Hauswirtschafterin? Ob sich für diesen Beruf wirklich viele begeistern können? Da fällt vielen einem doch gleich die gestresste Mutter ein, die diesen Job meist unentgeltdlich nebenher erledigen muss. Mal schauen, was der Profi dazu zu sagen hat. Katharina hat den Beruf der Hauswirtschafterin furchtlos ergriffen und berichtet aus der Perspektive der Hauswirtschafts-Expertin!

Die Zeit davor

Als es darum ging, mich für einen Beruf zu entscheiden, wusste ich nicht genau, was aus mir werden sollte. Meine Mutter hat auch den Beruf der Hauswirtschafterin gelernt und da man Hauswirtschaft in seinem Leben immer gut gebrauchen kann, habe ich mich dann ebenfalls für diese Ausbildung entschieden. Schließlich lernt man hier Grundlagen fürs Leben wie Kochen, Putzen, Wäsche waschen, Haushaltsplanung u.s.w. Das kann ja kein Fehler sein. Zudem habe ich eigentlich Spaß am Haushalt,kümmere mich gern um andere Menschen und koche und backe auch gern.
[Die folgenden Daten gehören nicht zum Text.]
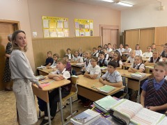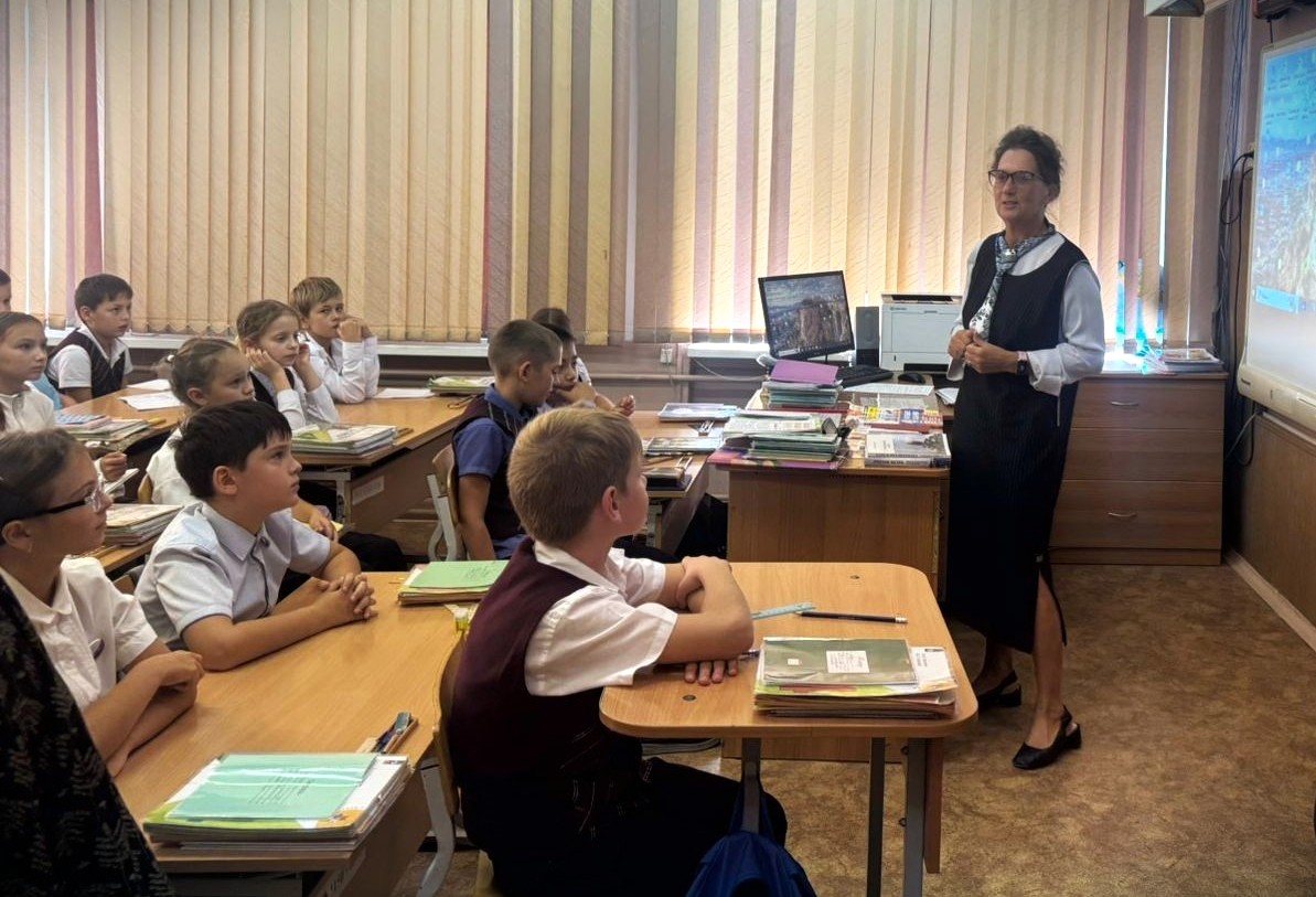 30 сентября 2025 года в рамках «Разговора о важном» «Паруса» посетили школу №25 имени Героя России Алексея Леонидовича Рыбака во Владивостоке. Руководителя студии Эльвиру Васильевну Кочеткову встретила на проходной Елена Игоревна Шкарина – учитель начальных классов, учитель Православной культуры в четвёртых классах, преподаватель дополнительного образования.
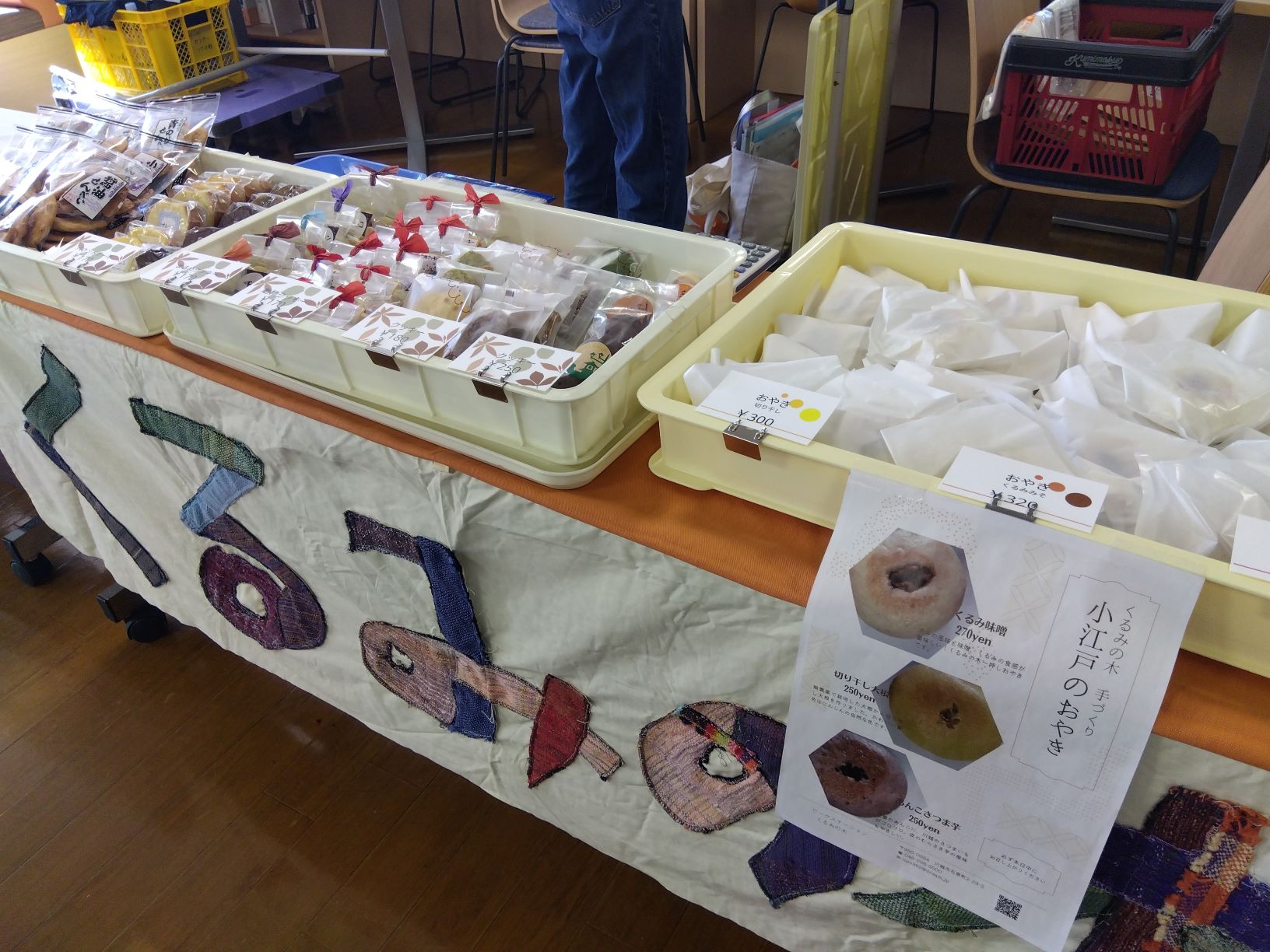 11月16日には、あかりワークス姫宮(宮代町)、久喜けいわ(久喜市)、ワークステーションくるみの木(川越市)の3事業所が参加しました。ワークステーションくるみの木の焼菓子とおやきは完売し、あかりワークス姫宮のお煎餅と久喜けいわのお味噌もたくさんお買い上げいただきました。

Nach dem Berufsgrundschuljahr habe ich mich übers Arbeitsamt und dem Ausbildungs-Stellen-Informationssystem (ASIS) bei sechs verschiedenen Stellen beworben. Nachdem meine Bewerbung draußen war, habe ich gleich alle drei Tage bei den Betrieben angerufen, um nachzufragen, wie es so aussieht. Persönlich vorgestellt habe ich mich nur einmal. Das war dann auch der Betrieb, in dem ich den Ausbildungsplatz bekommen habe.

Meine Mam war ganz stolz, dass ich ihr nacheifern wollte. Außerdem wusste sie, dass ihre Tochter jetzt sämtliche Grundlagen der Haushaltsführung lernen würde. Normalerweise lernt man das ja von seiner Mutter, aber wenn die Mutter berufstätig ist, fehlt da leider die Zeit. Meinem Pa war es eigentlich ziemlich gleichgültig, Hauptsache, ich mache eine Ausbildung!

Das erste Jahr

Mein erster Eindruck von meinem Ausbildungsplatz war eher erschreckend. Zunächst musste ich ja von Mittenwald, einem kleinen Bergdorf, in die Großstadt nach München. Wir hatten zwar früher in Dachau (ein Vorort von München) gewohnt, aber das war ja mit meiner Familie. Zudem war ich noch keine 18 und ich bekam keinen Schlüssel für die Haustüre, sondern nur einen Zimmerschlüssel. So hatte ich schon das Gefühl „eingesperrt“ zu sein. Ich musste jeden Abend um spätestens 22 Uhr in meinem Zimmer sein. Mit den anderen Azubis habe ich mich nicht so gut verstanden und so hatte ich auch niemandem, mit dem ich „um die Häuser ziehen“ konnte bzw. der mich nach 22 Uhr wieder ins Haus reinließ. Der erste Eindruck von den anderen Mitarbeitern war eigentlich komplett positiv, was sich später aber noch gewaltig ändern sollte.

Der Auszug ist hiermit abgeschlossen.